Fixing/hiding Path Based Vulnerabilities in WordPress

2.3k views Asked by At

I have a WordPress site that I manage. I recently received a Qualys vulnerability security scan (non-authenticated scan) that has a large number of "Path Based Vulnerability" findings. Almost all of the paths listed follow this format:

https://www.example.com/search/SomeString

https://www.example.com/search/1/feed/rss2

Some examples include:

https://www.example.com/search/errors

https://www.example.com/search/admin https://www.example.com/search/bin

When I go to these URL's, I get an appropriate search page response stating, for example, "Search for Admin produced no results".

But, if I go to https://www.example.com/search/ without a string parameter, I get a 404 error (custom error page) stating the page could not be found. All this works like I would expect it to. No sensitive data/pages are being shown.

An example of the Qualys finding is:

150004 Path-Based Vulnerability URL: https://www.example.com/search/1/feed/rss2/ Finding # 8346060(130736429) Severity Confirmed Vulnerability - Level 2 Unique # redacted Group Path Disclosure Detection Date 22 Mar 2021 18:16 GMT-0400 CWE CWE-22 OWASP A5 Broken Access Control WASC WASC-15 APPLICATION MISCONFIGURATION WASC-16 DIRECTORY INDEXING WASC-17 IMPROPER FILESYSTEM PERMISSIONS CVSS V3 Base 5.3 CVSS V3 Temporal5 CVSS V3 Attack VectorNetwork

Details Threat A potentially sensitive file, directory, or directory listing was discovered on the Web server.

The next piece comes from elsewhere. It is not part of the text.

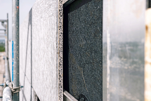 Der Untergrund aus alter Wärmedämmung, Ankern und schadhaftem Beton wurde ebenfalls abgebaut. Die vorsortierten Fassadenplatten aus Gneis wurden dann mittig durchgeschnitten, sodass aus einer Natursteinplatte zwei dünnere wurden. Jede Platte wurde dann gemäß der Litho-Stone zugehörigen allgemeinen bauaufsichtlichen Zulassung mit einer Leichtbetonträgerplatte Vakuum-verklebt und geschliffen. Das so upgecycelte Fassadenelement ist 28 mm stark, davon macht die Natursteinplatte 10 bis 12 mm aus, wobei die an der Natursteinfassade auftretenden Kräfte durch das Verbundsystem geschlossen aufgenommen werden.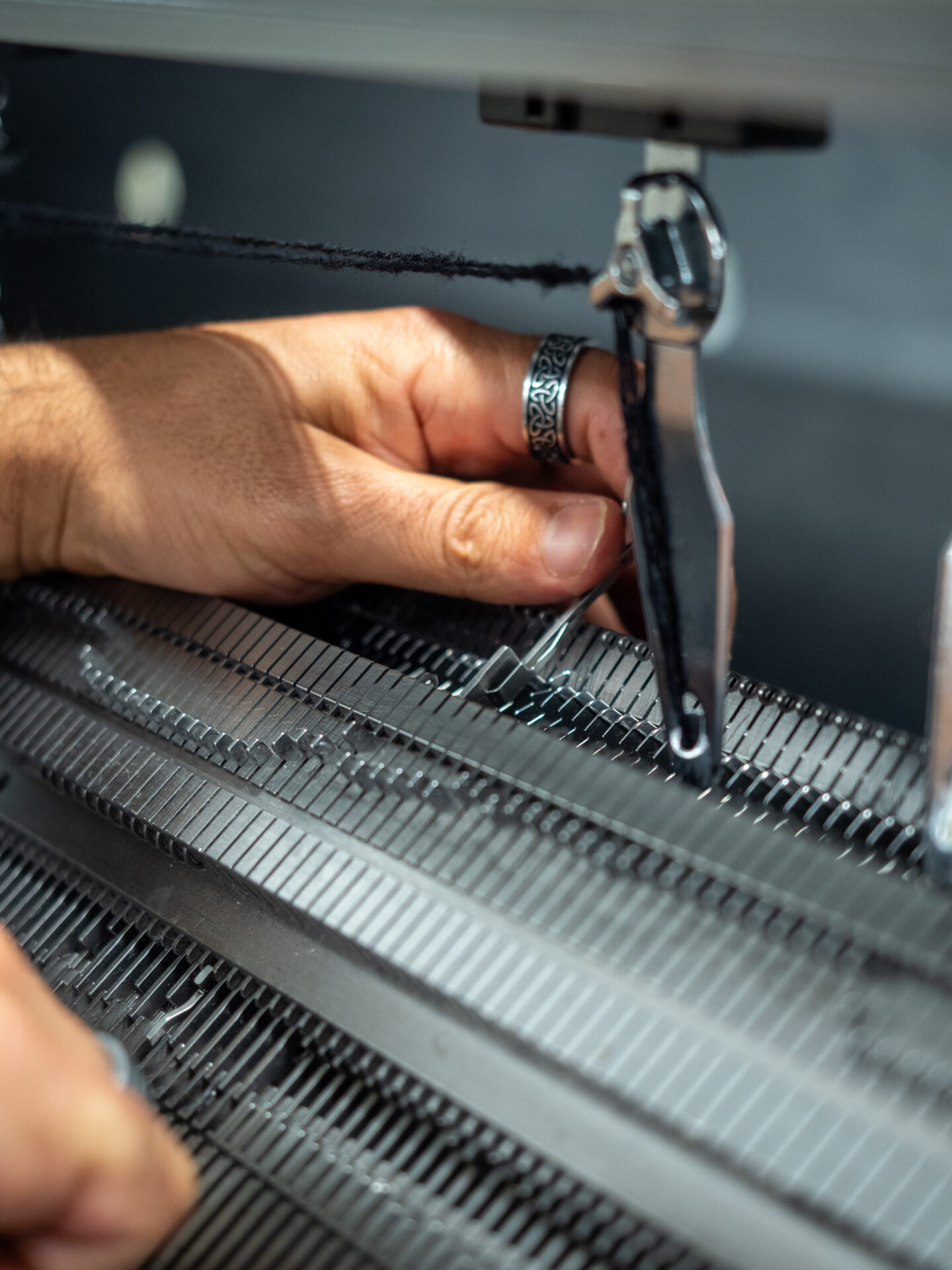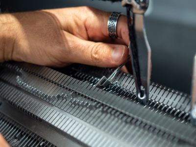 Dopo la fase di tessitura, lavoriamo i pannelli a maglia.

Impact The contents of this file or directory may disclose sensitive information.

Solution Verify that access to this file or directory is permitted. If necessary, remove it or apply access controls to it.

Detection Information Parameter No param has been required for detecting the information. Authentication In order to detect this vulnerability, no authentication has been required. Access Path Here is the path followed by the scanner to reach the exploitable URL: https://www.example.com https://www.example.com/?s=1

Payloads

#1
#1 Request
GET https://www.example.com/search/tools/
Referer: https://www.example.com
Cookie: [removed in case its sensitive];
caosLocalGa= [removed in case its sensitive];
Host: https://www.example.com
User-Agent: Mozilla/5.0 (Macintosh; Intel Mac OS X 10_14_5) AppleWebKit/605.1.15 (KHTML, like Gecko) Version/12.1.1

Safari/605.1.15 Accept: /

Based on the findings, this seems to be a false positive. But, my CIO insists that I prove it as such. First, is there any documentations on this that might be helpful? Second, does anyone know of any updates to WP that could hide/remove these findings?

1

There are 1 answers

0
user2891127 On

(I'd comment, but my rep isn't high enough.)

I can partially answer this, as I fighting the same battle right now with a different web app. If you run the request in a browser with the developer tools on, I'll bet you'll see the response code from the server is 200 even though it is actually doing a redirect.

The scanner sees the response code is OK and based on that, the request succeeded as is when it really didn't. You have to give it a different response code when doing a "silent" redirect.